What the task requires: Your output should be the exact lines from the start of the data through the line containing "2023年,AWC已成功举办", with no pictures.

Given data:
____________

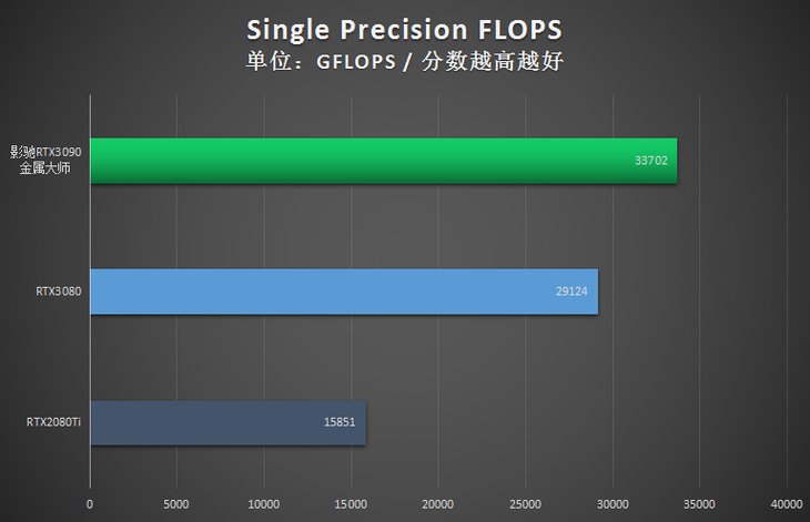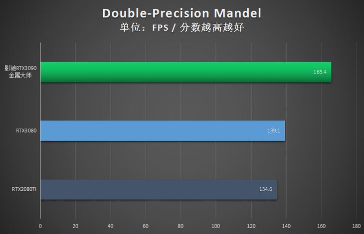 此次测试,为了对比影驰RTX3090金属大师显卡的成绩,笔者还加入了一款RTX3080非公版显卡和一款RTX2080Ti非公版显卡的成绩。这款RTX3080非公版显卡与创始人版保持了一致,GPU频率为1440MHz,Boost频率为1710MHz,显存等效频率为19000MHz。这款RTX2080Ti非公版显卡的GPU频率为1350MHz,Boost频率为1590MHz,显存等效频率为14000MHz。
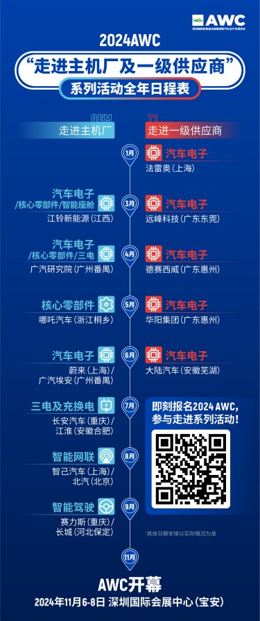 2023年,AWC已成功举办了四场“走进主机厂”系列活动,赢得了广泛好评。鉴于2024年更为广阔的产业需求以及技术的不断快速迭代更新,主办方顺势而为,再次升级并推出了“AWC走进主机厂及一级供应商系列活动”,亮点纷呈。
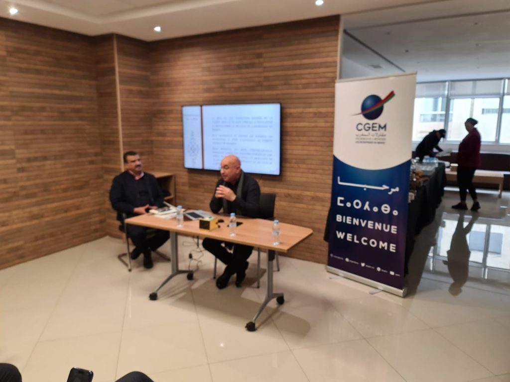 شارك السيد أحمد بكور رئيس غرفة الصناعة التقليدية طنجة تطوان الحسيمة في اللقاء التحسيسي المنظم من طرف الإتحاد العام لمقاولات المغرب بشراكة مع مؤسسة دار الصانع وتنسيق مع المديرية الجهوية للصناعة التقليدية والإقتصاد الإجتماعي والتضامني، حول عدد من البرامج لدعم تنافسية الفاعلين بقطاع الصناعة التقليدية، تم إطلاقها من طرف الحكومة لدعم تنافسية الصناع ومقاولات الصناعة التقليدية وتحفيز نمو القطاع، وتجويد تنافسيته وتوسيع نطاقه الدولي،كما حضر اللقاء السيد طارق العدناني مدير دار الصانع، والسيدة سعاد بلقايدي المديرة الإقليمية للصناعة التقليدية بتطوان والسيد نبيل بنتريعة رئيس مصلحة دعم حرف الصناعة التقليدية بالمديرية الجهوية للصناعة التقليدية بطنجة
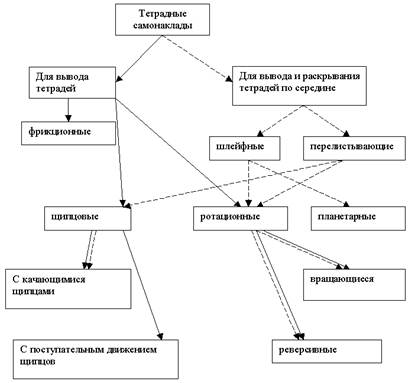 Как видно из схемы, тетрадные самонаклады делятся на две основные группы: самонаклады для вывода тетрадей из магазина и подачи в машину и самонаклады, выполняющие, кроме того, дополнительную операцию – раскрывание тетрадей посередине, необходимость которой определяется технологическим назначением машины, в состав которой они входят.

____________

Answer box:
 此次测试,为了对比影驰RTX3090金属大师显卡的成绩,笔者还加入了一款RTX3080非公版显卡和一款RTX2080Ti非公版显卡的成绩。这款RTX3080非公版显卡与创始人版保持了一致,GPU频率为1440MHz,Boost频率为1710MHz,显存等效频率为19000MHz。这款RTX2080Ti非公版显卡的GPU频率为1350MHz,Boost频率为1590MHz,显存等效频率为14000MHz。
 2023年,AWC已成功举办了四场“走进主机厂”系列活动,赢得了广泛好评。鉴于2024年更为广阔的产业需求以及技术的不断快速迭代更新,主办方顺势而为,再次升级并推出了“AWC走进主机厂及一级供应商系列活动”,亮点纷呈。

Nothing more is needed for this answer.